Para alguns casais sim. Apesar de que isso não é saudável. Existem pessoas que são viciadas em adrenalina, que precisam dela. Quando uma relação chega em um estado de platô e calmaria, elas entendem que isso é falta de amor e elas precisam brigar, para ter medo de perder, para que elas tenham essa sensação de que o medo de perder e da não perda, significa que elas são amadas. Na realidade, essa briga que apimenta a relação é uma dinâmica desajustada de autoafirmação do amor. Tem tantas formas de apimentar a relação, você realmente precisa brigar para isso? Que falta de imaginação. Se um do casal for viciado em adrenalina e o outro não for, por exemplo, eles não ficam juntos.
E o sexo é realmente é melhor depois de uma briga?
Pode ser bom, mas não dá para falar se é melhor ou pior, isso porque tem a urgência. Por exemplo, quando você tem uma relação sexual com seu parceiro e vocês não brigaram, estão vivendo a vida normal, a vida sexual é excelente e acontece porque querem se conectar um com o outro. Agora, a relação sexual depois de uma briga tende a ter mais voracidade, o casal ou um dos parceiros acaba buscando uma fusão que não permita a separação. Essa relação é diferente do habitual. Porém, ela pode vir com uma ressaca imensa, por causa de inúmeras questões envolvidas, que trazem insegurança e dor. Mas ela será mais intensa, mais urgente, por conta do medo da perda, que faz com que você necessite dessa fusão com o outro. É importante não romantizar isso, não achar que o sexo depois de briga é sempre melhor do que o sexo normal.
A romantização dos conflitos pode ser um dos motivos do relacionamento abusivo?
Sim, porque muitas pessoas aprenderam que brigar é um ato de amar e não é. São coisas totalmente diferentes. Pessoas que crescem em um ambiente abusivo, por outro lado, aprendem que este é um ato de amar, porque é tudo o que elas conhecem e acabam replicando isso mais adiante. A gente precisa desromantizar as brigas entre os casais.

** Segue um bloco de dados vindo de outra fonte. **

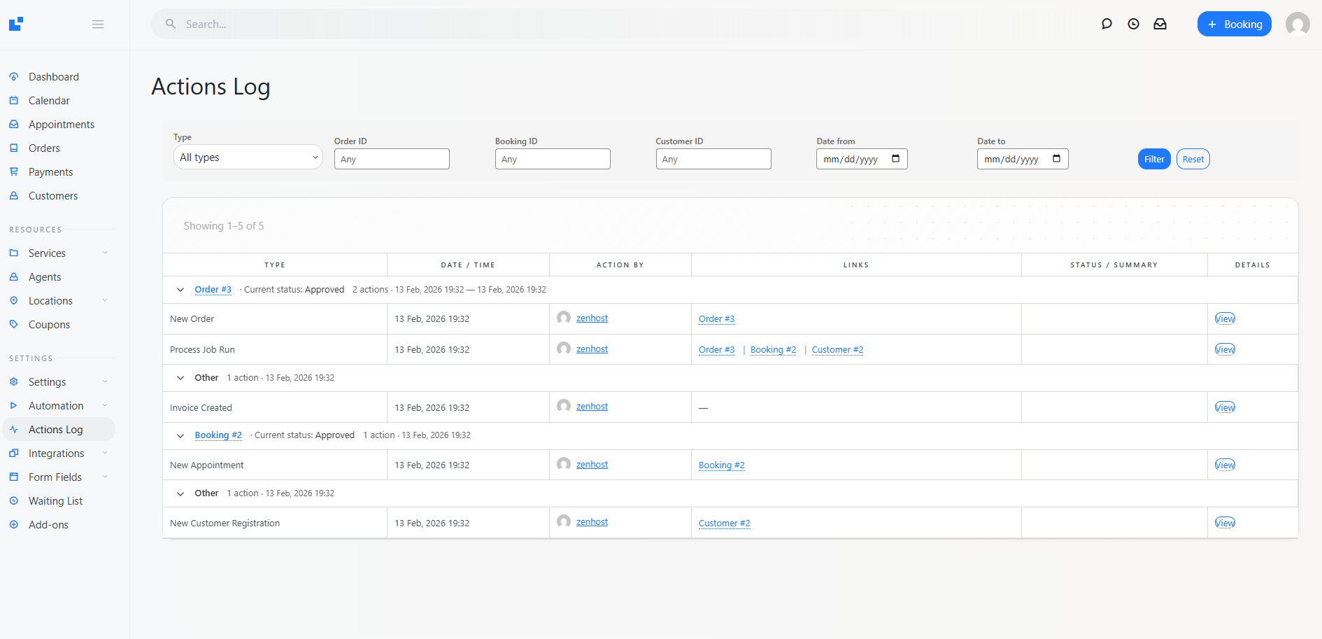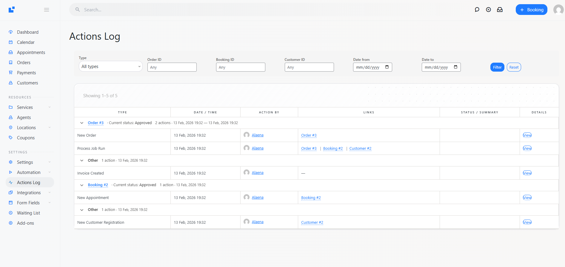 Displays all LatePoint system actions in a single, powerful activity table — so you can investigate exactly what happened and when.

O que pode ser feito para evitar brigas nas relações?
Conversar é o principal. Precisamos ter liberdade para falar e oportunidade para escutar. Não adianta um querer conversar e o outro não escutar. Precisamos encontrar formas de nos comunicarmos que sejam estratégicas na relação. Um pode querer conversar no calor do momento, o outro pode querer falar horas e dias depois, mas para o ansioso, por exemplo, esse tempo pode ser um pânico. Então é importante o casal conversar, saber qual é o tempo de cada um, e comunicar quanto tempo precisa. Se não vamos conversar hoje, quando? Amanhã, ou mais tarde. É importante estabelecer os limites de cada um, quais são os tópicos que você não renuncia e quais você repensaria. Os nossos ‘não inadmissíveis’ não podem dobrar. Isso não é falta de amor, mas amor próprio. Em uma relação saudável, os dois têm que ter espaço para ter amor-próprio. Você precisa ter a oportunidade de ser você mesmo na relação e poder conversar sobre.